After that we get, \[{\tan ^{ - 1}}\left| {\dfrac{{3\cos x - 4\sin x}}{{4\cos x + 3\sin x}}} \right| = {\tan ^{ - 1}}\left| {\dfrac{{\dfrac{3}{4} - \tan x}}{{1 + \dfrac{3}{4}\tan x}}} \right|\].
We will use the formula \[{\tan ^{ - 1}}\left( {\dfrac{{a - b}}{{1 + ab}}} \right) = {\tan ^{ - 1}}a - {\tan ^{ - 1}}b\] to further simplify the expression.

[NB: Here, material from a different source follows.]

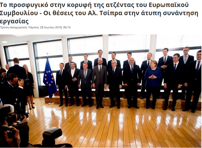«Η κα Μέρκελ δέχεται έντονη πίεση από τους εταίρους του συντηρητικού συνασπισμού της Βαυαρίας (σ.σ.: το CSU του υπουργού Εσωτερικών Χορστ Ζεεχόφερ) για να πείσει τις κυβερνήσεις να επιταχύνουν τις διαδικασίες επιστροφής για αιτούντες άσυλο που είναι ήδη εγγεγραμμένοι σε άλλες χώρες της Ε.Ε. Απειλούν να διαλύσουν τον συνασπισμό, εάν δεν καταφέρει να το επιτύχει έως το τέλος αυτού του μήνα. Δεν μας ενδιαφέρει το γεγονός ότι ίσως θα έχουμε κάποιες επιστροφές από τη Γερμανία αν αυτό βοηθήσει, ώστε να δοθεί το σήμα στους παράνομους διακινητές (ότι η Ευρώπη αντιμετωπίζει τις παράτυπες μεταναστευτικές ροές» είπε ο Αλέξης Τσίπρας.

Let us assume that \[\dfrac{3}{4} = a\] and \[\tan x = b\].
Let us substitute \[\dfrac{3}{4}\] for \[a\] and \[\tan x\] for \[b\] in the formula.
We will get, \[{\tan ^{ - 1}}\left| {\dfrac{{\dfrac{3}{4} - \tan x}}{{1 + \dfrac{3}{4}\tan x}}} \right| = {\tan ^{ - 1}}\left( {\dfrac{3}{4}} \right) - {\tan ^{ - 1}}\left( {\tan x} \right)\].
As we know that \[{\tan ^{ - 1}}\left( {\tan \theta } \right) = \theta \], let us substitute \[x\] for \[{\tan ^{ - 1}}\left( {\tan x} \right)\].
Hence, we get \[{\tan ^{ - 1}}\left| {\dfrac{{3\cos x - 4\sin x}}{{4\cos x + 3\sin x}}} \right| = {\tan ^{ - 1}}\left( {\dfrac{3}{4}} \right) - x\].